SAS Looks to Add Number Crunching to E-Biz

SAN MATEO (04/03/2000) - SAS Institute this year is looking to greatly expand its Web presence, giving customers a foundation of data analysis for CRM (customer relationship management) and e-commerce applications.

SAS is developing server-side, Java-based application frameworks that will let companies build traditional decision-support capabilities, including reporting and data mining, into e-business applications.

The frameworks can tie in to existing e-commerce applications or form a complete Web application platform. They use Java server pages and in-memory database technology for faster access than traditional relational databases.

The new applications, which will be ready at the end of the year, will provide "real-time analytics on what's going on at your Web site so you can get a visual picture of what pages are being hit, what items are being ordered," explained Jim Goodnight, president and CEO of SAS. "We're doing a lot of work right now to make our analytics useful to a Web site, to make them easier to use," Goodnight said.
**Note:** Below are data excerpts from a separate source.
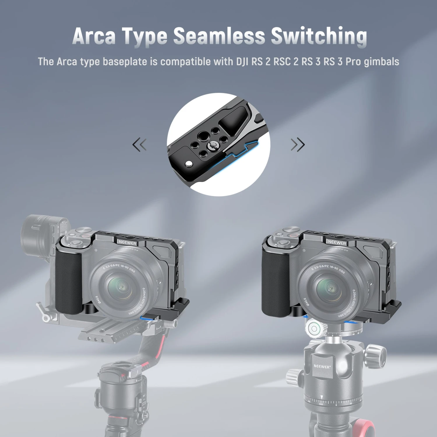 - Compatible with Sony ZV-E10– NEEWER CA003S is a CNC machined aluminum formfitting cage for the ZV-E10 vlog camera. Full access via precision cutouts for summarys, ports, card slots, LCD flip screen, and an expanded hot shoe area to be compatible with Sony ECM-W2BT Microphone HVL-F32M Flash, and other accessories. It also features a slot for the dummy battery cable, allowing flat placement on tables. Weighing just 4.6oz/129g, this cage is lightweight yet robust and protective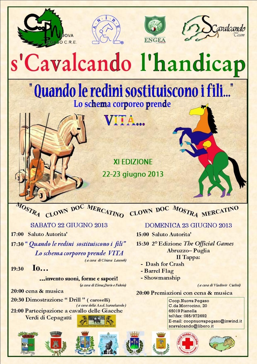 PIANELLA. S'CAVALCANDO L'HANDICAP. La Coop. Nuova Pegaso, da anni impegnata nel settore socio\sanitario della Riabilitazione Equestre, ha organizzato insieme alla A.s.d. Scavalcando la Manifestazione “S’Cavalcando l’handicap” giunta oramai alla sua XI edizione. L'appuntamento è per il prossimo 22 giugno quando, a partire dalle ore 17:00, si aprirà il saggio con uno spettacolo a cavallo cosiddetto “Quando le redini sostituiscono i fili … lo schema corporeo prende VITA”, lavoro programmato dall’equipe. A seguire i ragazzi del Laboratorio Bio-Eco- Music faranno una dimostrazione musicale e ci sarà una mostra \mercato del lavoro svolto durante l’anno. La serata continuerà con festa, caroselli a cavallo a cui parteciperanno anche le Giacche Verdi di Cepagatti, con i loro Murgesi, ed il team dei Clown Doc. La manifestazione sarà aperta dal saluto delle Autorità del Territorio che hanno patrocinato l’evento.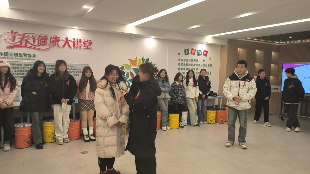 在校内湖北省青春健康教育基地,由主持人周静如带领学生开展《预防艾滋病》同伴教育,通过“野火游戏”游戏,让青年朋友亲身体验艾滋病病毒传播速度、途径及感染者的内心感受,增强对艾滋病感染者的理解,提高对艾滋病病毒传播的警觉性。活动中通过问答讨论环节不断延伸课程内容,鼓励参与者从个人的角度积极投入到艾滋病预防和关怀的工作中。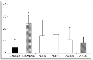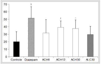 A complementary parameter used to evaluate whether the response of the rats indicates anxiolytic effects of the investigated treatments is the number of entries in the closed arms . In this study, it exhibited significant difference in the groups treated with Acon 12CH and 30CH and the positive control diazepam (Figure 3). These results suggest that the anxiolytic effect did not interfere with the mobility of the animals in the EPM.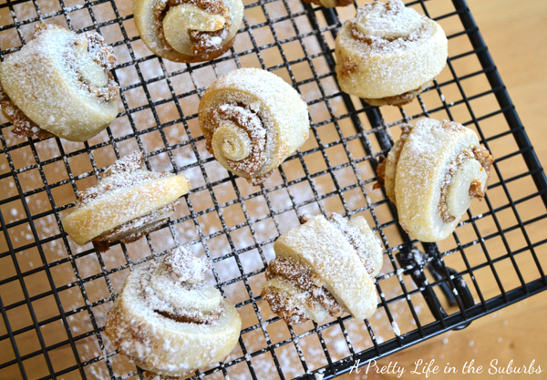 Then take each dough crescent, generously dust it with powdered sugar, and place on a cookie sheet. Space them about 1 1/2 inches apart. Bake in a preheated 350 degree oven for 14-18 minutes, until the tops start turning golden brown. Immediately remove them from the pan, and place them on a cooling rack. Generously dust them with powdered sugar again. Repeat all the above steps for the second disc of dough and the remaining filling.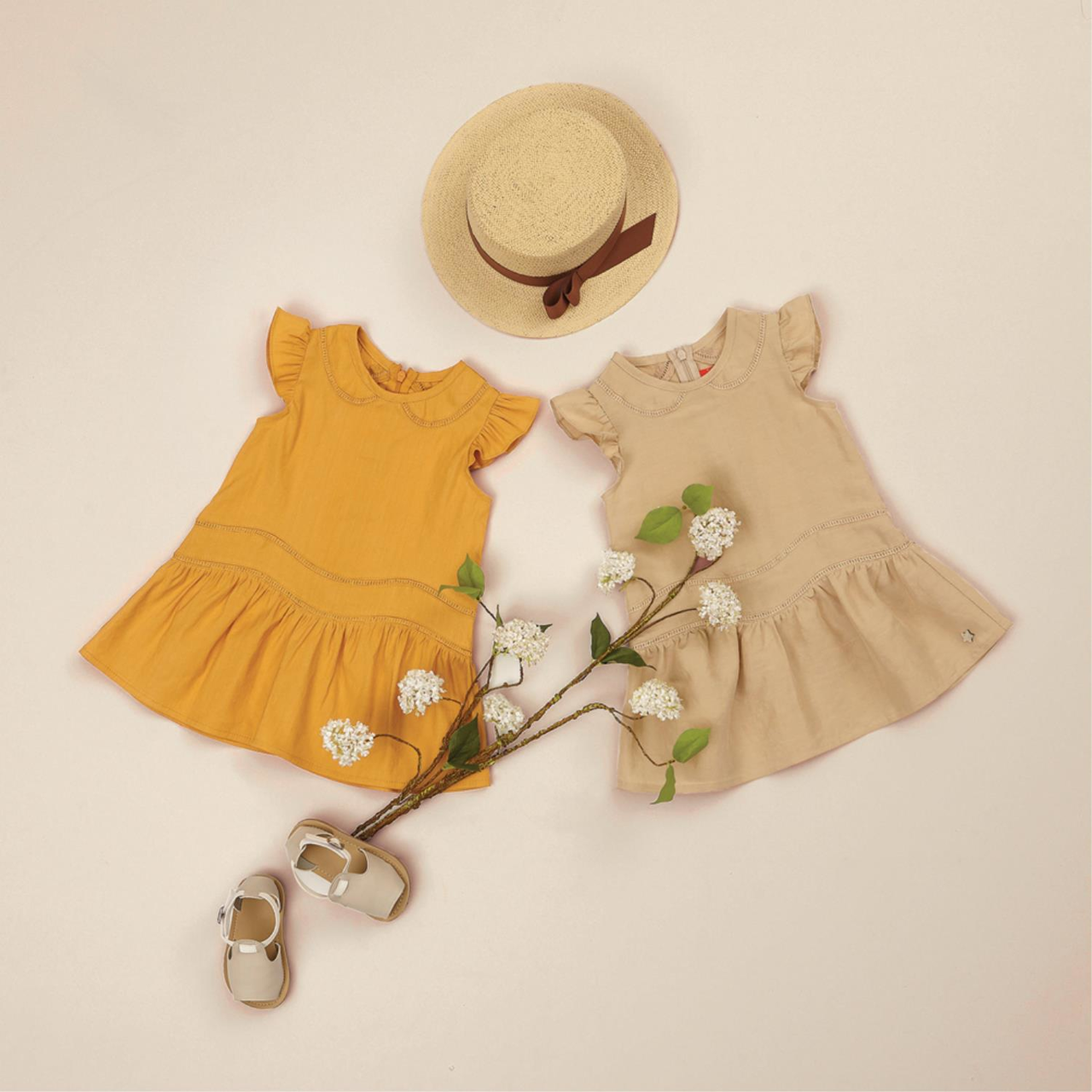 세련되 보이는 베이지 컬러의 원피스입니다..

Customers that are compiling clickstream data, such as what site visitors search for, said that faster data access is badly needed in Web environments where gathering tens of gigabytes a day is not unusual.
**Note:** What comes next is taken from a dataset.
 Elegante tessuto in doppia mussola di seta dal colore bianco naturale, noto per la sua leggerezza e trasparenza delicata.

"Business is moving so fast we can't wait for paper reports or people to crunch numbers. Slow response time on something like advertising campaigns can mean a lost opportunity," said George Nassef, executive vice president and CIO of HotJobs.com, in New York.
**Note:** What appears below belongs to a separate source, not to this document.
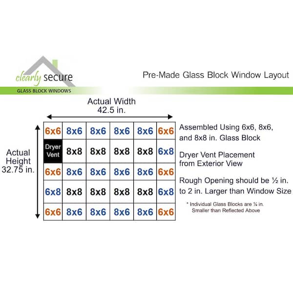• Pre-assembled glass block replacement window with dryer vent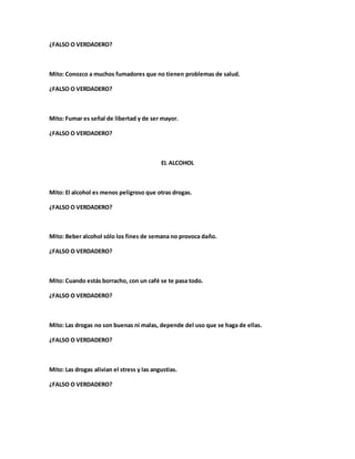 Este documento presenta varios mitos comunes sobre sustancias psicoactivas como la marihuana, el tabaco y el alcohol, y pregunta al lector si cada mito es verdadero o falso. Los mitos sobre la marihuana incluyen que no es dañina porque proviene de una planta natural, que cura el cáncer y que está bien fumarla ocasionalmente. Los mitos sobre el tabaco son que tranquiliza, que muchos fumadores no tienen problemas de salud y que fumar representa libertad. Los mitos sobre el alcohol son que es menos peligro

SAS will also look to extend its Web marketing capabilities this week through a partnership with profiling company Engage.

By May, customers will be able to take information from Engage's Profile Server, which tracks visitor behavior and builds a customer profile, and feed that information into SAS's eDiscovery application. By integrating the two products, companies will be able to design marketing campaigns or promotions for customers across their different sales and support channels, according to SAS officials.

The data-mining capabilities in the core SAS product will allow companies to interact with customers in more sophisticated ways, SAS officials said. One current SAS customer agreed.

"We have data on our customers now and we're starting to push toward the goal of customizing the Web site to the customer during a visit," said Dan Bachman, director of business intelligence at Outpost.com, in Kent, Conn. "The ultimate step is to recognize that the customer is not acting as history [indicates he or she would] and change the information on the fly."

To address the growing number of mobile users that are eager to access Web data, SAS next week at its user conference will announce support for the WAP (Wireless Access Protocol).

Publishing data over WAP will allow companies to deliver corporate information to a range of mobile devices, including Palm PDAs (personal digital assistants), and Nokia phones.

SAS Institute, in Cary, N.C., is at www.sas.com.